__Records supplied__
_ _ _ _ _
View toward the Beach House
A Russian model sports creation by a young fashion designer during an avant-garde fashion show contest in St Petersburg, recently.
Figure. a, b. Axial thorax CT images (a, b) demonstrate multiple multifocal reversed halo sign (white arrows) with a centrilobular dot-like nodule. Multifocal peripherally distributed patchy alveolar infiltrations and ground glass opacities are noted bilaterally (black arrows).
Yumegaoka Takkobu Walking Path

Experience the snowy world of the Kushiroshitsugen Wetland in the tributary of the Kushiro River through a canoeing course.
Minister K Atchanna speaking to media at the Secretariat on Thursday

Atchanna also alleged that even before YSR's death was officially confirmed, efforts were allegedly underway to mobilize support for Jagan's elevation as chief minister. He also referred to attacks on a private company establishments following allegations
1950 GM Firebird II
_ _ _ _ _
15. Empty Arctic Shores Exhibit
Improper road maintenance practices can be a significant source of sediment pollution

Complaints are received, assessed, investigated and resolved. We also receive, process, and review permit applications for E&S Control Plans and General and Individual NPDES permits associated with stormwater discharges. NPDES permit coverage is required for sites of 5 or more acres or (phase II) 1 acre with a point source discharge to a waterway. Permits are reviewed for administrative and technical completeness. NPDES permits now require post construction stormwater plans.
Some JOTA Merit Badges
_ _ _ _ _
__Task description__
Would you please copy exactly the part of the entries above that begins at the line containing "View toward the Beach House" and ends at the line containing "1950 GM Firebird II", both lines included?

__Exercise response__
View toward the Beach House
A Russian model sports creation by a young fashion designer during an avant-garde fashion show contest in St Petersburg, recently.
Figure. a, b. Axial thorax CT images (a, b) demonstrate multiple multifocal reversed halo sign (white arrows) with a centrilobular dot-like nodule. Multifocal peripherally distributed patchy alveolar infiltrations and ground glass opacities are noted bilaterally (black arrows).
Yumegaoka Takkobu Walking Path

Experience the snowy world of the Kushiroshitsugen Wetland in the tributary of the Kushiro River through a canoeing course.
Minister K Atchanna speaking to media at the Secretariat on Thursday

Atchanna also alleged that even before YSR's death was officially confirmed, efforts were allegedly underway to mobilize support for Jagan's elevation as chief minister. He also referred to attacks on a private company establishments following allegations
1950 GM Firebird II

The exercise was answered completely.